Bob Soifer and his brother Bruce Soifer have been involved in the business for nearly 50 years. Their father, Oscar, purchased the 125 W. Water St. building in 1971.

It is a bittersweet occasion for Bob Soifer, who said the business experienced steady growth over the last year.

“I think a lot of people feel it’s because of the competition of big box stores, but it’s not that; we filled a great niche of offering value on price points that people could afford. And it wasn’t a big box store; it was just age,” he said. “Bruce is 72, and I’ll be 70 in a little over a month. He recently had back surgery. And for me, after working here four weeks straight, I realized I can’t do it anymore.”

The four-story building dates back to the Civil War. It initially served the community as a carriage factory, an underwear manufacturer and a Montgomery Ward.

“They made horse and buggy carriages on the first and second floors. Then, on the top two floors they made underwear. We have even seen sewing needles down and deep in the cracks of the floor,” Bob Soifer said.
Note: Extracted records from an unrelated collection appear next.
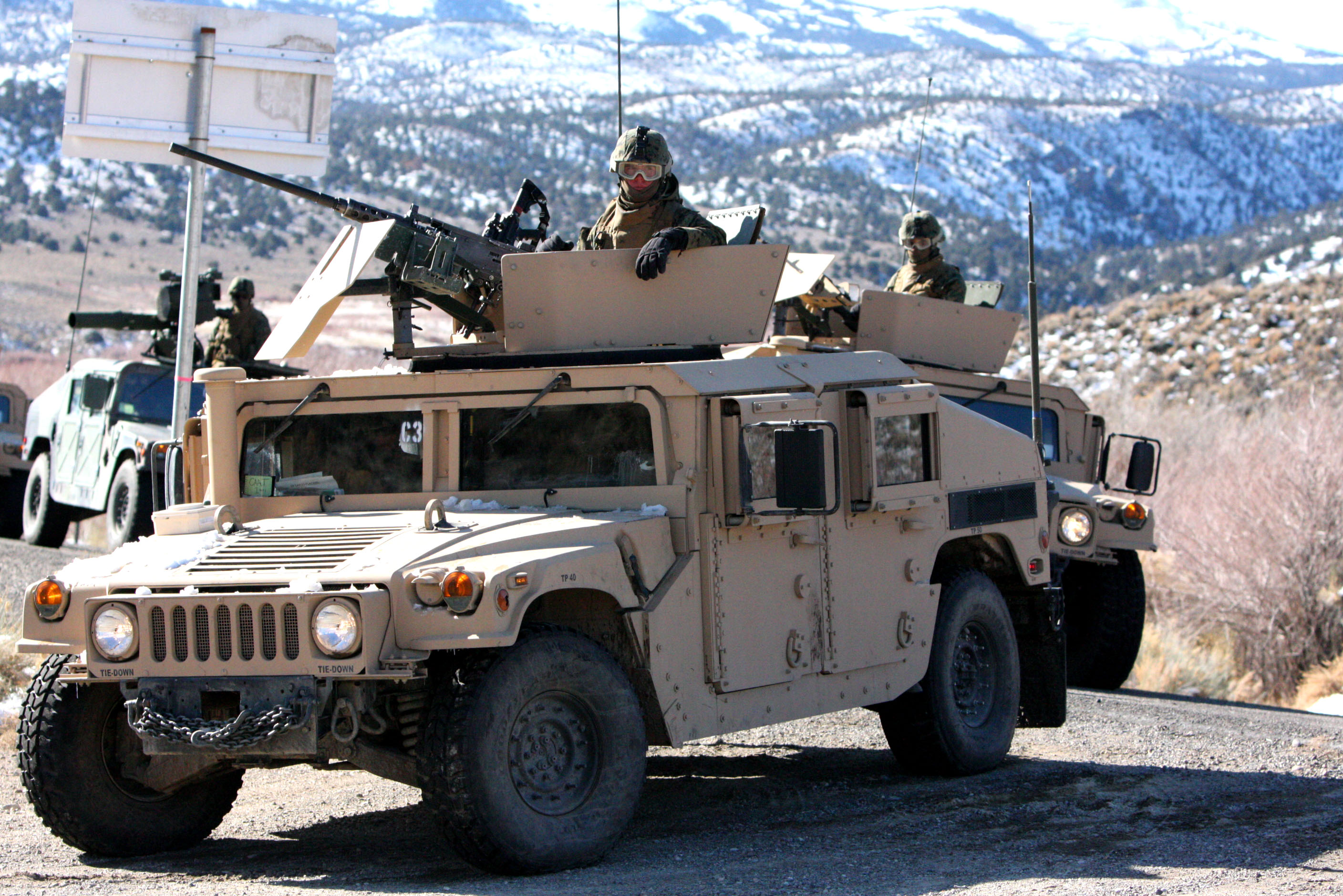 U.S. Marines and sailors turn off a main road on their way to a convoy training exercise from Bridgeport, Calif., to Hawthorne Army Ammunition Depot in Hawthorne, Nev., March 7, 2009. The Marines and sailors are assigned to Weapons Company, 3rd Battalion, 4th Marine Regiment.
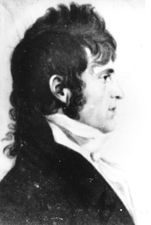 Portrait of Senator Waller Taylor of Indiana
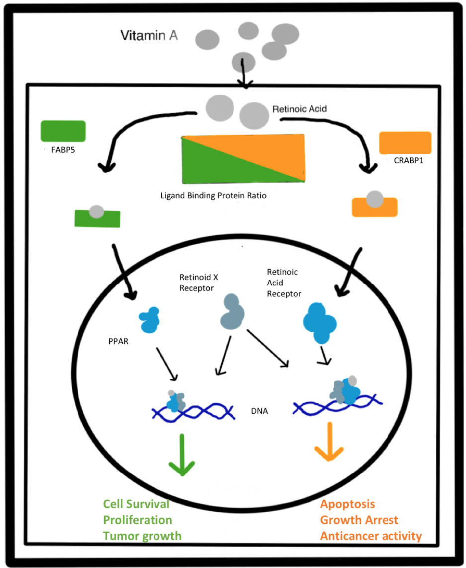 Cellular Effects of CRABP1
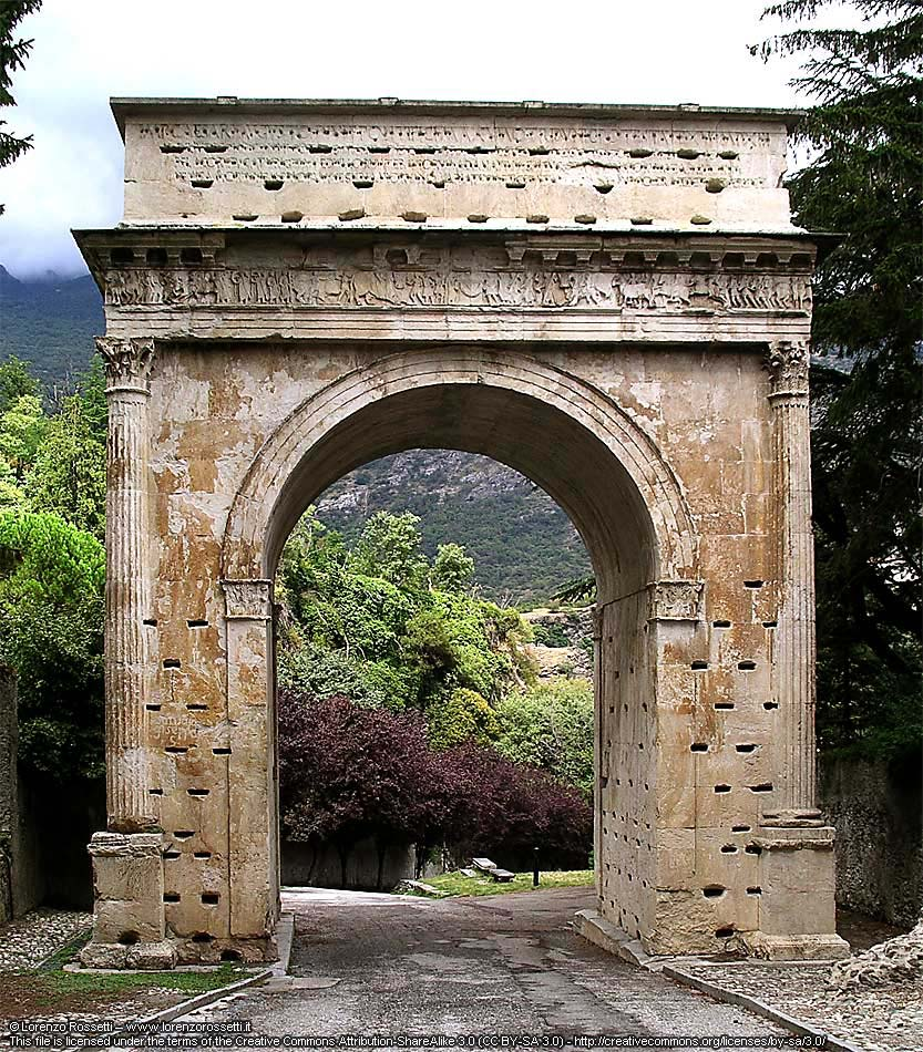 The Roman arch of Susa (9-8 b.C), Piemonte, Italy
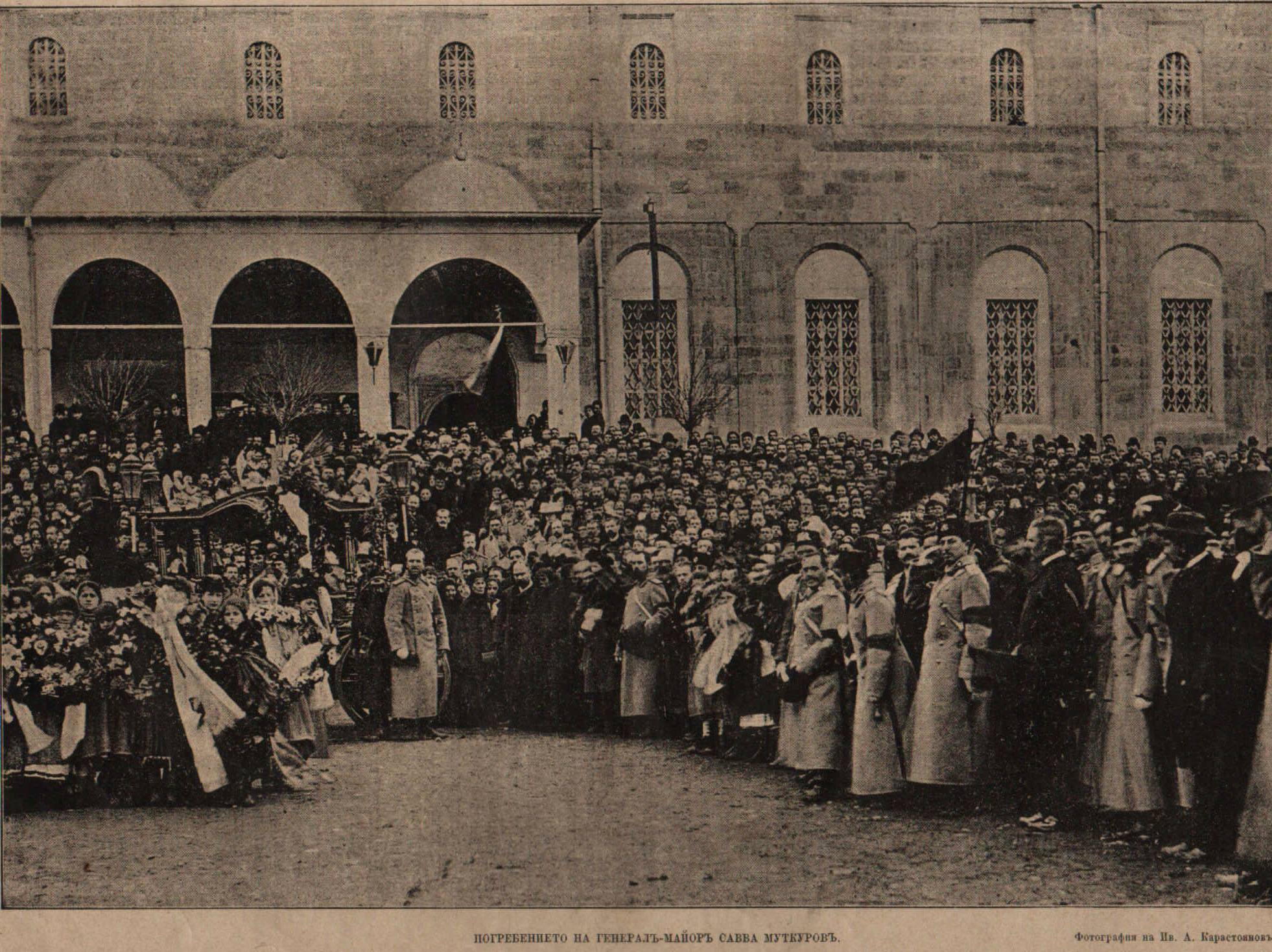 The funeral of Major General Sava Mutkurov in "St Spas" church in Sofia, Bulgaria

He said they are looking for a new buyer for the building and that it’s in good shape despite its age.

“We just put a new roof on in September. We tried to take care of the building for the next owner. So, we were going to wind up just being another layer of history in this building … if these walls could talk,” he said.

With the store’s closing approaching, Soifer looks back fondly on the people the furniture store has served Piqua over the last 53 years.

“We drew people from a wide radius around from south of Dayton to north of Lima, to west of Greenville, and even in Indiana and east of Springfield,” he said.

Soifer wants to extend a thank you to the employees and customers who have been a part of the furniture over the years.

“We took pride in that giving, whether it was mattresses or sofas, or hard goods for the dining room or bedroom,” Soifer said. “It was more than just making a sale, or it was more than just, you know, dollars and cents. It was trying to do something you feel good about and offer value while you’re doing it.”